A 62ª Exposição Agropecuária e Industrial de Londrina, um dos principais eventos agropecuários da América Latina, que começou na última sesta sexta-feira (05) e segue até 14 de abril, terá programação da Agência de Defesa Agropecuária do Paraná (Adapar). Além das atividades realizadas pela defesa agropecuária durante toda a programação, a equipe organizou ações sobre fruticultura e avicultura.

Uma das discussões será sobre prevenção e controle do HLB (Huanglongbing), também conhecido por greening ou amarelinho, onde haverá demonstração do psilídeo Diaphorina citri Kuwayama, vetor da doença, e sobre sua ação nos citros. Também será possível conhecer a Tamarixia radiata, uma vespa parasitóide criada em laboratório, incluindo o do Instituto de Desenvolvimento Rural do Paraná Iapar-Emater (IDR-Paraná), para ser inimigo biológico do inseto.

Eles poderão ser observados em redoma de vidro, e as explicações serão passadas por servidores do órgão de defesa sanitária do Estado na unidade expositiva da Adapar na Smart Farm. Também na ExpoLondrina, o IDR-Paraná vai apresentar o aplicativo IDR-Tamaríxia, pelo qual os produtores de citros poderão acompanhar, por um sistema de localização georreferenciada, o histórico de liberação das vespas.

O greening é atualmente a principal praga mundial dos citros. As ações de combate foram reforçadas desde o ano passado quando a Adapar realizou a Operação BIG Citros, com foco em conscientização, fiscalização e reforço no campo, visto que a atuação precisa ser coletiva, pois o inseto pode transitar por várias propriedades.

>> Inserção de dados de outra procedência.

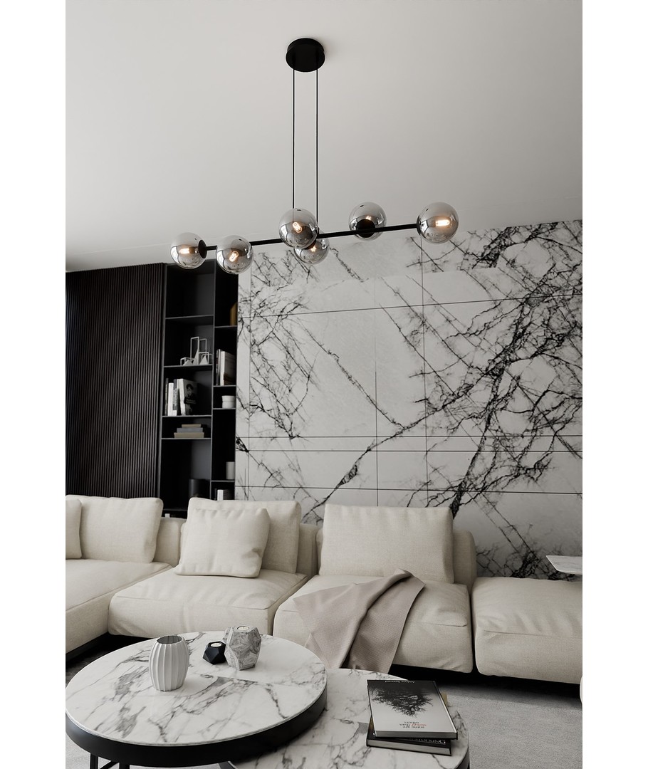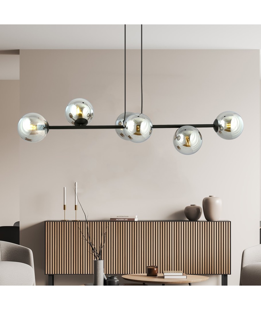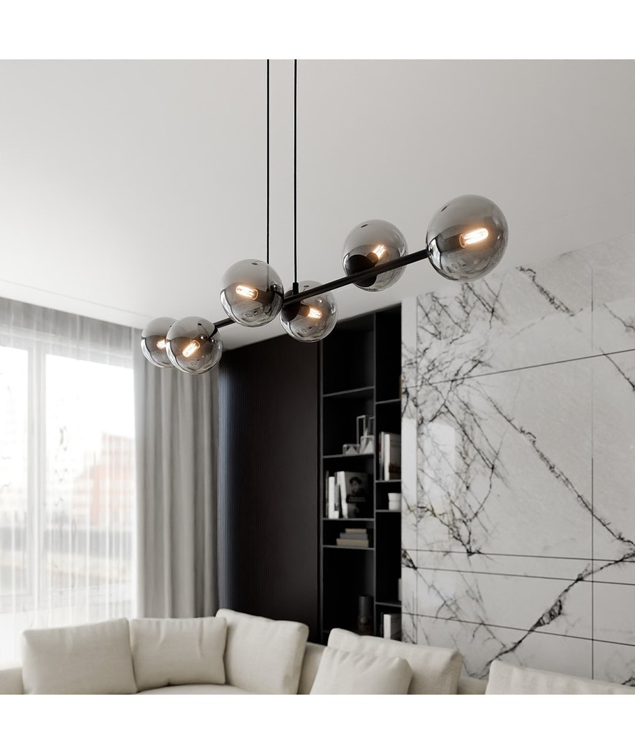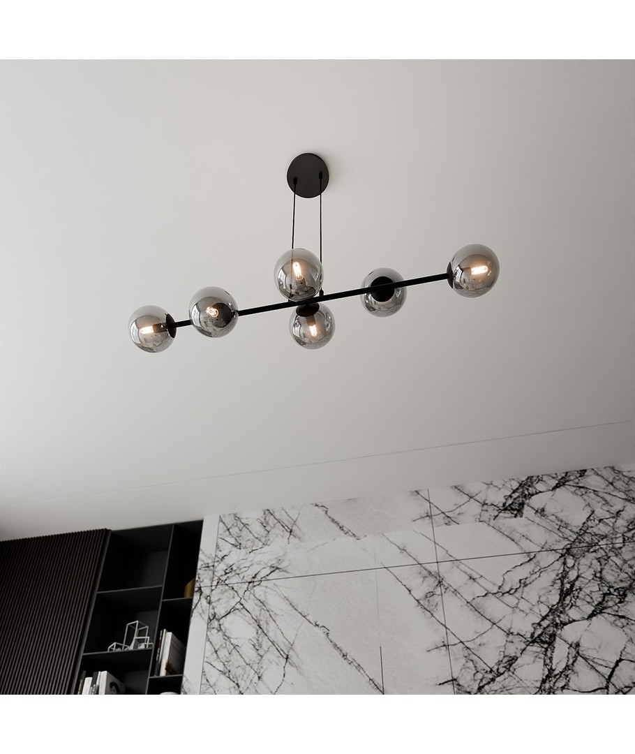 Rossi 6 Sort/Grafitt pendellampe er designet med et stilrent uttrykk som enkelt tilpasser seg ulike interiørstiler. Denne lampen gir rommet ditt et moderne preg samtidig som den gir tilstrekkelig belysning.

Elas continuam a ser realizadas, principalmente nas regiões Noroeste e Norte do Estado, que concentram a maioria dos 159 municípios paranaenses onde a doença já foi detectada. “A guerra começou em agosto de 2023 e não termina”, salientou o gerente de Sanidade Vegetal da Adapar, Renato Rezende Blood Young, durante reunião da Câmara Técnica de Citros na última sexta-feira, em Paranavaí, no Noroeste.

A Câmara reúne representantes dos poderes públicos estadual e municipais, cooperativas, produtores, industriais e empresas de pesquisa agropecuária. Como auxílio no controle, o Paraná decretou situação de emergência fitossanitária em dezembro do ano passado. O decreto possibilita maior mobilidade e ação mais rápida e efetiva.

Ainda não há cura conhecida para o greening. “Para conviver com a doença, há três formas: a eliminação das plantas doentes; o controle eficiente do vetor, um insetozinho que ao se alimentar da planta doente e ir para uma planta sadia transmite a bactéria; e a utilização de mudas sadias”, destacou o coordenador estadual do Programa de Combate às Doenças da Fruticultura, Paulo Marques.

Em vários municípios das regiões mais seriamente afetadas, as prefeituras e proprietários particulares entraram com determinação no processo e estão cortando as plantas. Estima-se que pelo menos 160 mil já foram eliminadas. “É preciso o envolvimento de toda sociedade no entorno dos pomares comerciais porque às vezes uma planta de citro isolada no quintal de uma chácara e que esteja doente, ou a própria murta que é planta ornamental e uma fonte importante da doença, pode prejudicar toda a região produtora”, reforçou Paulo Marques.

Por isso o trabalho é realizado tanto em propriedades rurais e urbanas com frutas para consumo familiar quanto em pomares comerciais. Ao mesmo tempo há um esforço de fiscalização para banir a venda de mudas clandestinas. A comercialização, feita normalmente em carros ou nas calçadas, é proibida no Paraná.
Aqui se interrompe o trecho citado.